Die Regierung von Mendoza hat 48 gerettete Vögel aus dem illegalen Handel nach San Luis transportiert, wo sie ihre Rehabilitation abschließen werden, um in einer mit ihrer Art kompatiblen natürlichen Umgebung freigelassen zu werden.
Die Maßnahme stellte einen Fall von interprovinzieller Zusammenarbeit im Bereich des Umweltschutzes dar. Die Exemplare kamen nach Mendoza nach Kontrollen und Einsätzen auf Straßen und an Gesundheitsschranken.
Die Behörden entdeckten während dieser Verfahren Situationen im Zusammenhang mit dem illegalen Handel mit Wildtieren. Die geretteten Vögel erhielten anfängliche tierärztliche Betreuung im Ecopark von Mendoza.
Anschließend setzten sie ihre Erholung im Rettungszentrum der Fundación YPF fort. Der Prozess ermöglichte es, ihren Gesundheitszustand vor dem endgültigen Transport zu stabilisieren.

Die geretteten Vögel, die zur Freilassung transportiert werden
Die Gruppe der geretteten Vögel besteht aus Arten, deren natürliche Verbreitung die Provinz San Luis umfasst. Die Auswahl des Ziels erfolgte nach biologischen und Erhaltungskriterien.
Die transportierten Exemplare sind:
- 22 Rotkardinäle
- 20 Königsdrongos
- 4 Waldkönige
- 2 Feuerfinken
Obwohl ihr Herkunftsort nicht mit Sicherheit bestimmt werden kann, wird die Freilassung in San Luis die Stärkung von Populationen in kompatiblen Lebensräumen ermöglichen. Die geretteten Vögel werden in Ökosysteme integriert, in denen diese Arten sich natürlich verteilen.
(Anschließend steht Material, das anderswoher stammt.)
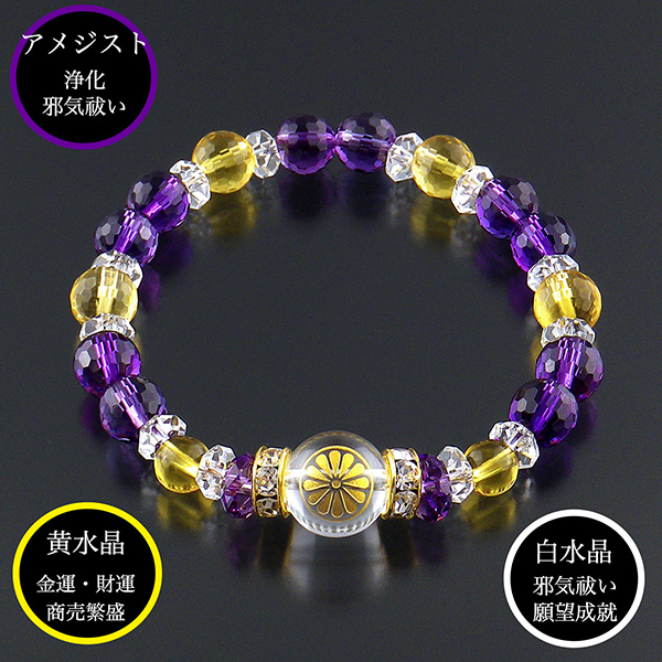 繁栄の菊ブレス‐BL_1680 菊 ブレスレット パープル イエロー アメジスト 白水晶 黄水晶 長寿祈願 厄除け 無病息災 レディース メンズ パワーストーン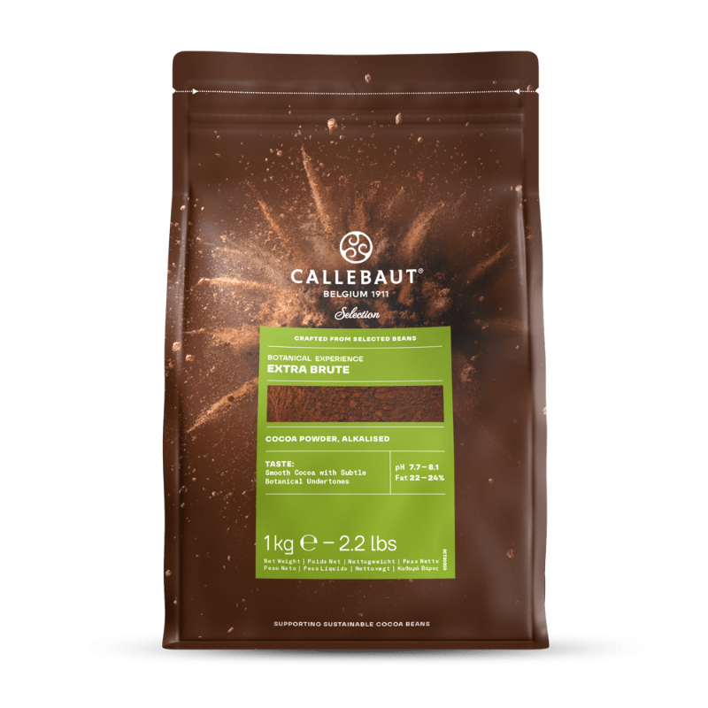 Cacao Extra Brute alcalinizzato della Barry Callebaut è un cacao in polvere dal colore rosso bruno intenso e luminoso, che è ideale per ricoprire i tartufi o per uno spolvero ambrato. Gusto e aroma particolarmente deciso. La sua composizione è 100% Cacao di cui il 22/24% di Burro di Cacao.

Interinstitutioneller Einsatz gegen den Handel
Der Einsatz erfolgte mit der Intervention von Iscamen, dem Ministerium für Sicherheit und Justiz, der Staatsanwaltschaft und der Nationalen Gendarmerie. Diese Organisationen waren sowohl an den Kontrollaufgaben als auch an der Sicherung beteiligt.
Der Transport wurde mit spezifischen Protokollen durchgeführt, um das Wohl der Tiere zu gewährleisten. Die Behörden koordinierten jede Phase des Rehabilitationsprozesses mit spezialisierten technischen Teams.
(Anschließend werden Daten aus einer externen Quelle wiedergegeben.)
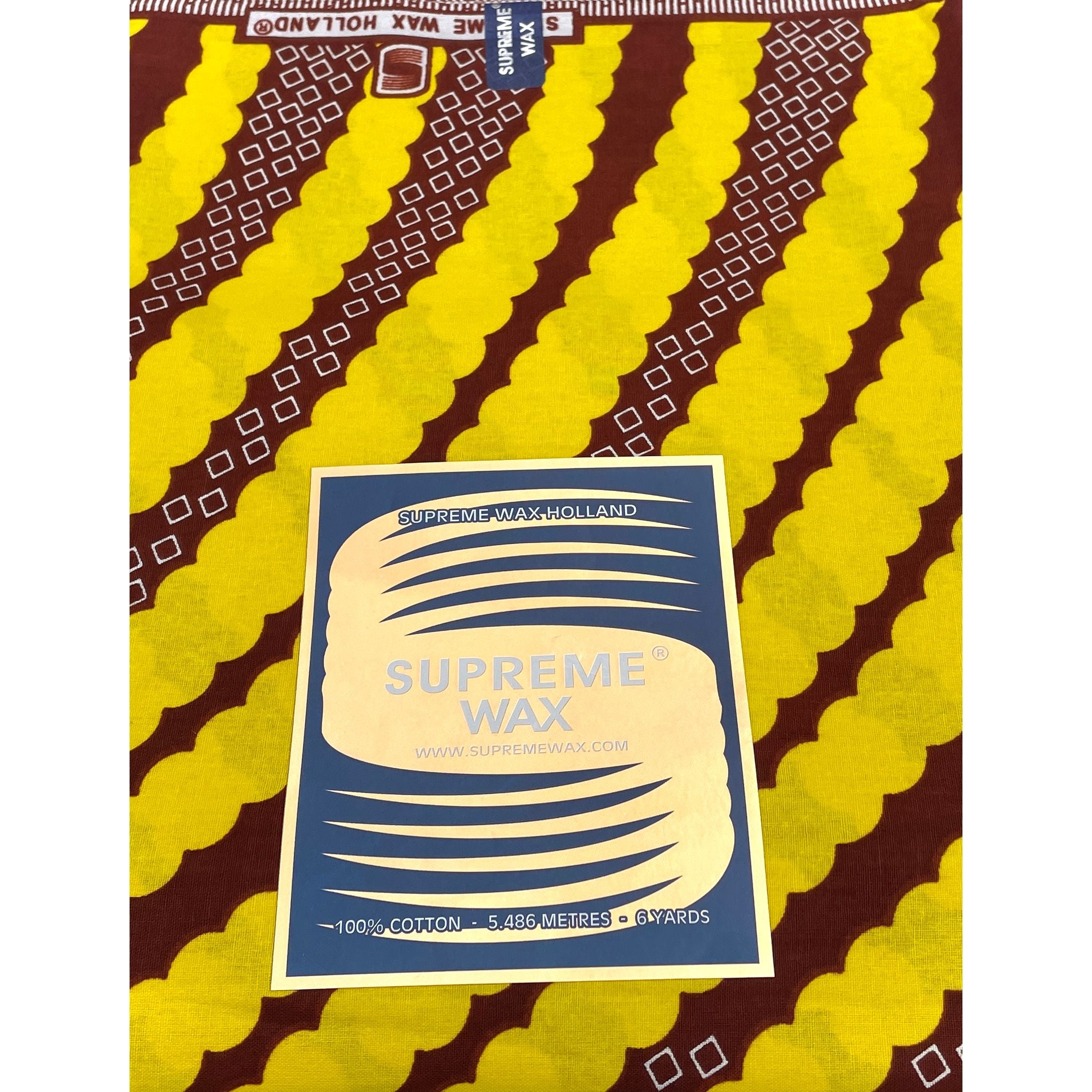 Tissu Pagne Africain - 6 Yards 100% Coton - SUPREME WAX - JAUNE / MARRON

Der Schlüssel: eine nachhaltige Umweltpolitik
Das Ministerium für Energie und Umwelt betonte, dass diese Art von Maßnahmen Teil einer nachhaltigen Politik gegen den illegalen Handel mit Wildtieren ist.
Die Initiative ist Teil einer koordinierten Arbeit zwischen verschiedenen staatlichen Bereichen.
In den letzten zehn Jahren führten die Behörden mehr als 5.000 Einsätze in Mendoza durch. Diese Einsätze ermöglichten die Rettung von mehr als 16.000 Tieren, hauptsächlich Vögel.
Die Exemplare stammten hauptsächlich aus dem illegalen Handel oder der Wilderei. Die geretteten Vögel stellen die Mehrheit der von den Programmen zur Wildtierschutz betreuten Fälle dar.
Der Fall zeigt die Bedeutung der interprovinziellen Zusammenarbeit für den Erhalt von Wildtierarten. San Luis wird die Exemplare aufnehmen, um ihre Rehabilitation in spezialisierten Zentren abzuschließen.
Die Freilassung in geeigneten Lebensräumen wird es diesen Vögeln ermöglichen, sich in natürliche Populationen zu reintegrieren. Der Prozess trägt zur Erhaltung von Arten bei, die vom illegalen Handel betroffen sind.
Die Behörden werden die Kontrollen auf Straßen und an Gesundheitsschranken fortsetzen, um den Handel mit Wildtieren zu bekämpfen. Die Zusammenarbeit zwischen den Provinzen stärkt die Umweltschutzpolitik in der Region.